> Information supplied:
=====

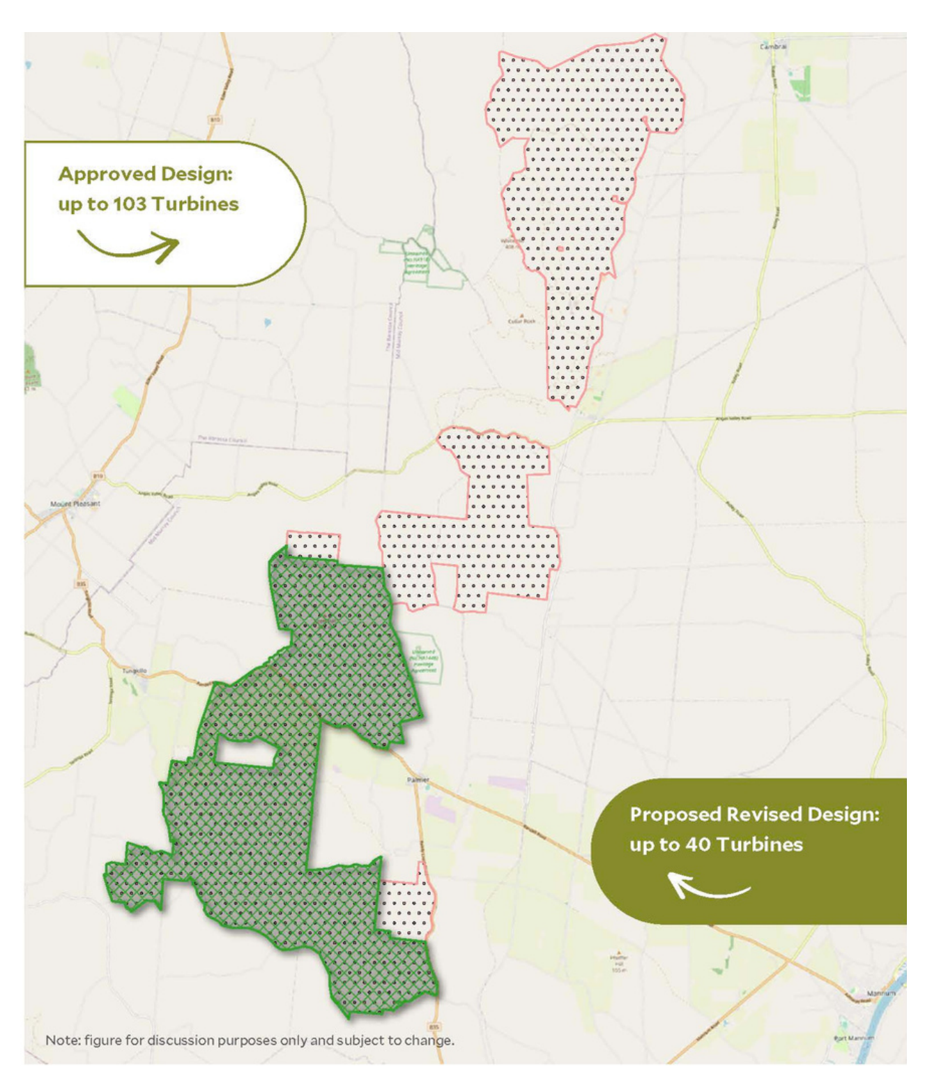
Figure 1: The Varied Project area
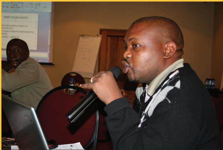
INTERACTION: An official from Lekwa Municipality makes a point during an IDP Analysis Workshop in Brumfelcia
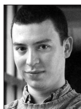
Luis von Ahn Carnegie Mellon University

=====

> Directions: The reply has to reproduce every line above verbatim and contain no pictures.

> Response:
Figure 1: The Varied Project area
INTERACTION: An official from Lekwa Municipality makes a point during an IDP Analysis Workshop in Brumfelcia
Luis von Ahn Carnegie Mellon University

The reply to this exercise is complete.